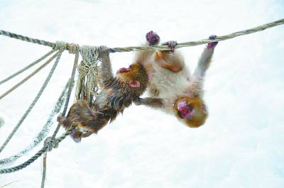 就像我们人类一样,在这么热的汤池中,猴子也无法待得太久,所以它们不时跳出水池,湿漉漉地跑到雪地上去觅食,甚至在秋千上打打闹闹,十分有趣。因为频繁往来于雪地和汤池中,猴子们有的头上沾满了雪,有的身上甚至结了小冰珠,煞是可爱。有几只幼猴,无论是在水中还是雪地里,看起来简直就像毛茸茸的球一般,不知道谋杀了多少人的快门。
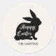 Happy Oaster Bunny Silhouette Schwarz-weiß Name Runder Aufkleber
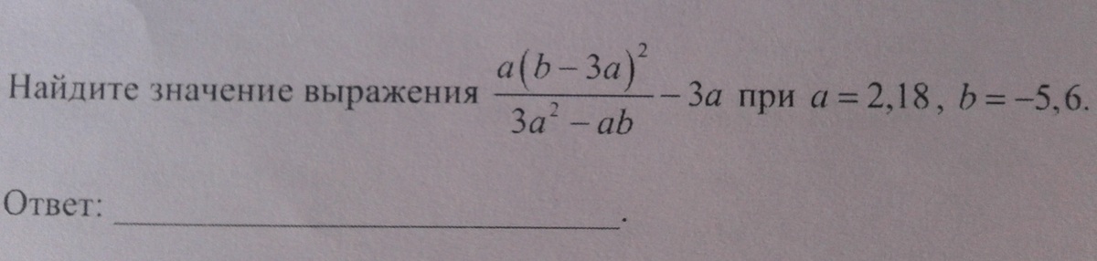 =a(3a-b)^2/a(3a-b) - 3a=сокращаем на a и (3а-b)=3a-b-3a=-b=-(-5,6)=5,6
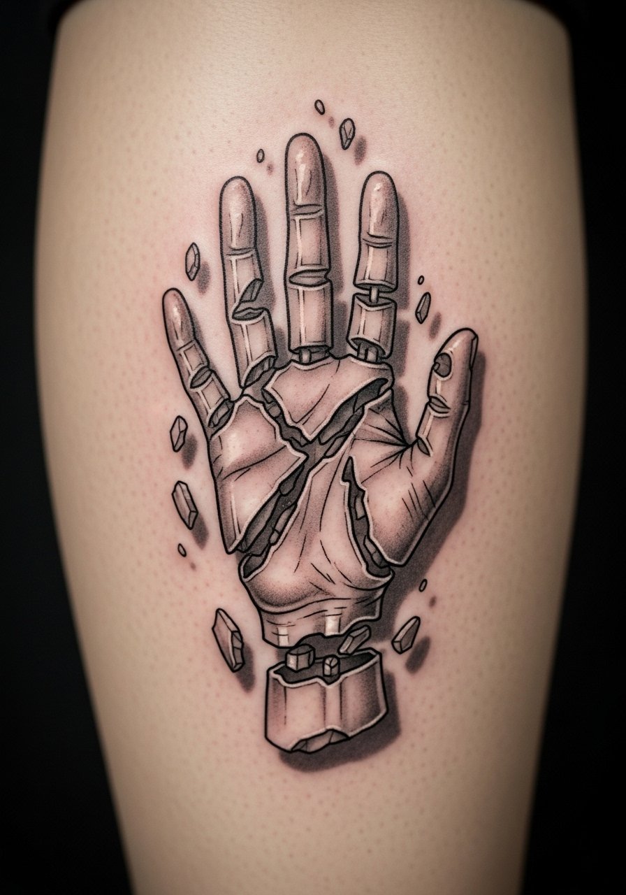 I love hands in surreal work because they read as gestures in motion. The calf offers a stable healing surface. Pain is moderate. Sessions 1-2 hours. Ask your artist to plan where gaps will be larger, to avoid tiny negative spaces that close up. A mistake is asking for too many little cuts between segments. At six months gaps may look narrower. At two years tiny separations can look merged. Artists who sketch with intentional negative space will preserve the fragmentation effect.
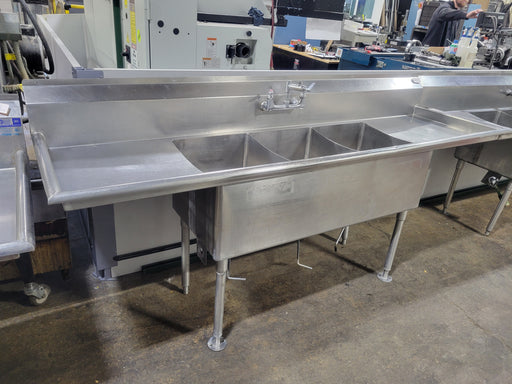 USED 3 COMP SINK 101" X 28" WITH 2 DRAINBOARD

═══

--- Directions ---
If the records contain pictures, skip them, and transcribe exactly every line from the one with "I love hands" through the last line.

--- Solved exercise ---
 I love hands in surreal work because they read as gestures in motion. The calf offers a stable healing surface. Pain is moderate. Sessions 1-2 hours. Ask your artist to plan where gaps will be larger, to avoid tiny negative spaces that close up. A mistake is asking for too many little cuts between segments. At six months gaps may look narrower. At two years tiny separations can look merged. Artists who sketch with intentional negative space will preserve the fragmentation effect.
 USED 3 COMP SINK 101" X 28" WITH 2 DRAINBOARD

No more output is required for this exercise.